There have been times when I've been hurt or upset by someone. I admit there have been times when I've wanted to hold onto that hurt or pain. When I do this all it does is tare me up inside, my joy soon disappears. I act differently towards the person who has hurt me.

Luckily though it doesn't last too long. Soon I remember my Father's love for me and His forgiveness then I'm able to forgive the offense and move on.

My hope is that each of us can experience what true forgiveness is like. Then we'll be able to forgive as He has forgiven us.

Tuesday, August 6, 2013

Can We Just Have a Few Days to Dry Out, Please?

"and I will send rain on the land." 1 Kings 18:1c NIV

Mud, damp carpets, puddles...it's the same thing every time it rains. Truthfully, I don't mind the rain. It's important for the environment and provides us with water to drink. In fact, an afternoon storm helps bring the temptature back down.It's just there's been so much we need time to dry out.

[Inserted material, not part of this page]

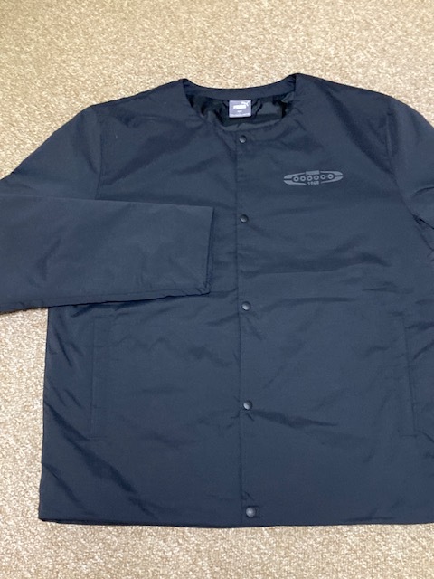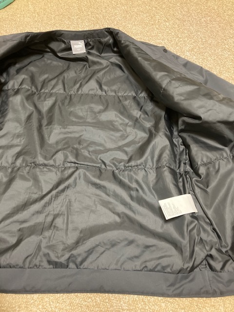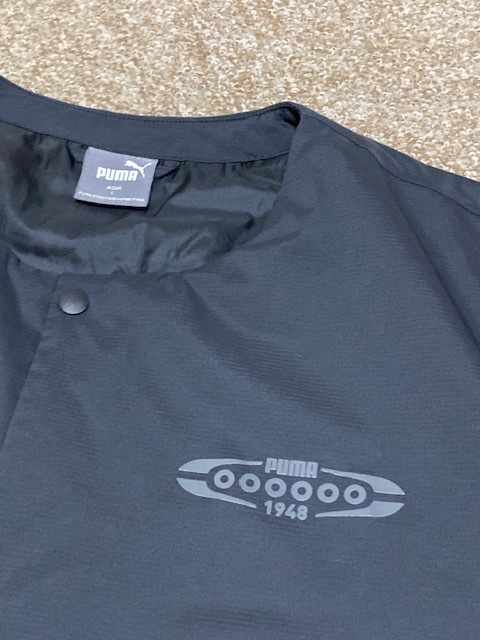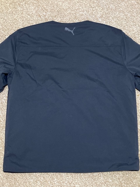 プーマのクルーネックのナイロンブルゾンです。インナー素材は中綿です、サイズL、身幅57㎝、着丈68㎝、肩幅48㎝、袖丈66㎝、色ブラックです。USEDですが美品です

Last week there was a little reprieve in the daily rain. My back porch finally didn't have water on it, the puddles dried up, and  and the mud resembled dirt again. Then the rain came back leaving 2 to 3 inches almost every time. The carpet on my porch though has been soaked since June.

The dog has no dry place to rest her head. She continually looks for one and lets us know that she hasn't been successful. She resists going out and has made my glass door resemble the muddy backyard. There's no point in cleaning it at least not until a dry out is complete. Trust me, I've cleaned it only to have it stay that way for maybe ten mins.

Summer time is here and that usually means the kids get to play out for awhile and get all that vent up energy out. Unfortunately, we've been in more than out this summer. Which makes for a lot of fun and a memorization of the order of the rainy indoor activities. Bouncy off the walls has become the norm. It is a wonder that there is any hair left on my head.

So Lord, if there's anyway can we just have a few days to dry out, please? Thanks so much.